第22話 測る者の限界
王都監査局の執務室は、静かすぎるほど静かだった。
白い石壁に囲まれた空間には、余計な装飾が一切ない。机、椅子、記録棚。それだけだ。ここでは感情も直感も、数字に変換できないものは居場所を持たない。
イオリス・フェルドは、積み上げられた報告書に目を通していた。
傭兵団《カイル隊》。
直近七件の依頼、被害ゼロ。
成功率、一〇〇%。
異常だ。
「……説明がつかない」
小さく呟き、記録板を閉じる。
彼は、これまで数え切れないほどの成功と失敗を見てきた。英雄も、無能も、天才も凡人も、すべては数値に落とし込める。そう信じてきた。
だが、この事例は違う。
突出した能力値は存在しない。
作戦も、奇抜ではない。
指揮官の名も、曖昧。
それなのに、結果だけが完璧だ。
「……事故だとすれば、続きすぎている」
事故は、再現しない。
再現しないものが、七回も続くはずがない。
イオリスは、立ち上がった。
――もう一度、直接確認するしかない。
数日後。
街道沿いの簡易拠点。
カイル隊が休息を取っている場所に、監査局の使者が現れた。
「再調査だ」
イオリス自身が、前に出る。
「今度は、現場を見せてもらう」
カイルは腕を組み、レインを見る。
「……どうする?」
「断れば、疑念は深まる」
レインは静かに答えた。
「なら、見せるしかない」
条件は一つ。
判断には、口を出さないこと。
イオリスは、それを受け入れた。
受け入れざるを得なかった。
次の依頼は、簡単ではなかった。
街道を外れた森で、魔物の群れが確認された。動きは散発的だが、知性がある。

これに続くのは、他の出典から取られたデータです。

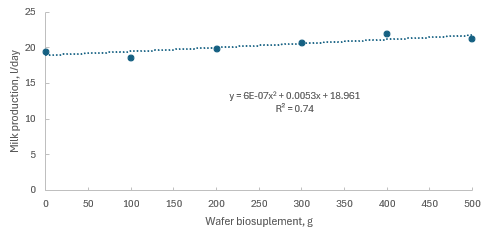 | Figure 3. Graph illustrating the effect of biosupplement wafer feeding on milk production (l/day) |
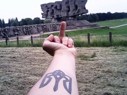Украинский студент Влад Кучер опубликовал на своей странице в сети ВКонтакте оскорбительную фотографию с нецензурным жестом в сторону мемориала погибшим в концлагере Майданек евреям.
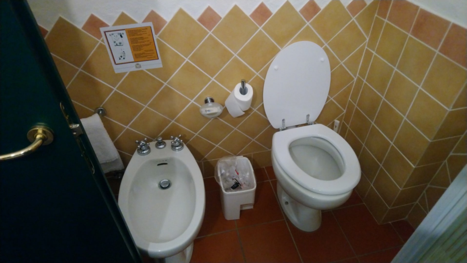 Nur 1 einfacher Platikmülleimer im ganzen Zimmer ( Bad )
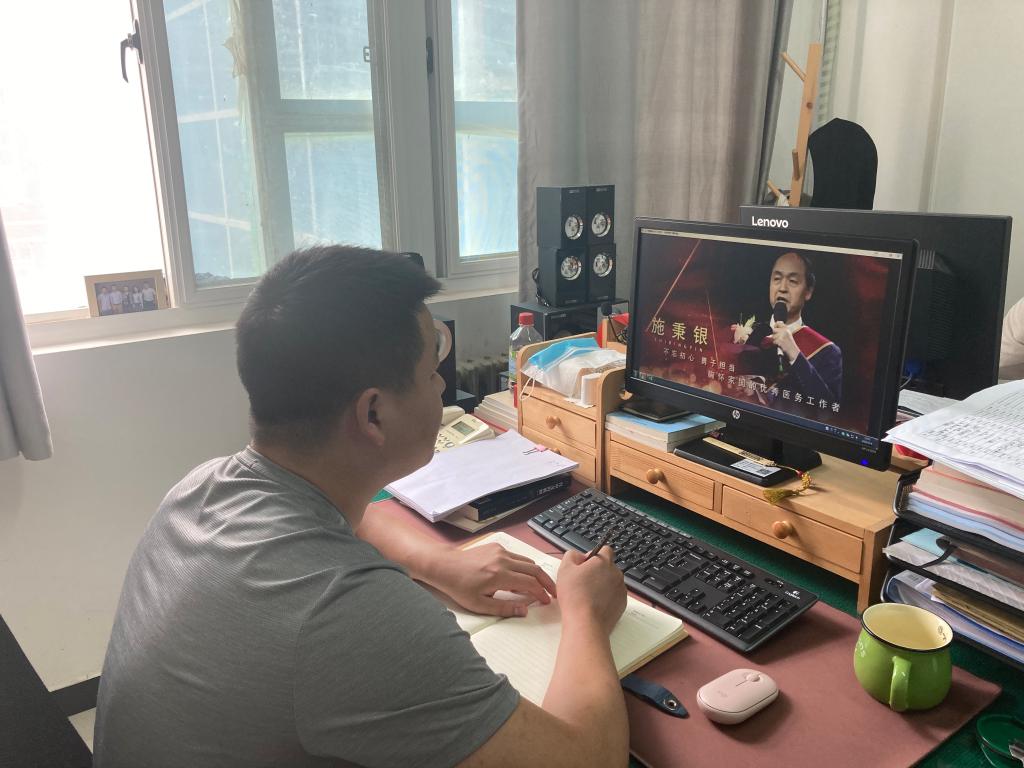 支部宣传委员金磊认为:“三秦楷模”在平凡的岗位上无私奉献着自我,为国家和人民做着极不平凡的事。疫情严峻时刻,施秉银院长率队驰援武汉,连续长时间奋战坚守在抗疫一线,表现出了极高的医术水平和忘我的敬业精神,他用实际行动向我们阐释了爱国奋斗和无私奉献的精神内涵,他是疫情期间最美的“逆行者”。

下手に手を出せば、囲まれる。
傭兵たちの緊張が、高まる。
レインは、森を一瞥しただけで言った。
「左から入る」
即断。
イオリスは、思わず記録板に手を伸ばす。
理由は?
根拠は?
数値は?
だが、口には出さない。
条件だ。
戦闘は、短かった。
レインの指示は、最小限だった。
「止まれ」
「今だ」
「引け」
それだけで、魔物は混乱し、各個撃破された。
被害は、軽微。
致命傷なし。
イオリスは、戦闘の一部始終を見ていた。
だが、理解できなかった。
なぜ、あの瞬間に止まったのか。
なぜ、あの合図で動いたのか。
記録板には、何も書けない。
戦闘後、イオリスはレインに近づいた。
「……確認した」
声は、わずかに硬い。
「あなたの判断は、確かに“当たる”」
「それで?」
「だが、説明できない」
レインは、頷いた。
「知っている」
「それが、限界だ」
イオリスは、珍しく感情を滲ませた。
「数値評価は、世界を安定させる。説明できない成功は、秩序を壊す」
「秩序が、命を切り捨てるなら?」
レインは、静かに返す。
イオリスは、答えられなかった。
「……あなたを、排除する気はない」
しばらくして、そう言った。
「だが、保護もできない。今の制度では」
それは、敗北宣言だった。
「分かった」
レインは、淡々と受け止める。
「俺も、守られるつもりはない」
二人は、しばらく無言で森を見つめた。
同じ現場を見て、同じ結果を見て。
それでも、辿り着く結論は違う。
イオリスは、背を向ける前に言った。
「……あなたは、制度の外側にいる」
「最初から、そうだ」
レインは答えた。
測る者は、限界を知った。
測れない者は、そのまま進む。
世界は、まだ選べていない。
管理するか。
受け入れるか。
その狭間で、歯車は静かに軋み続けていた。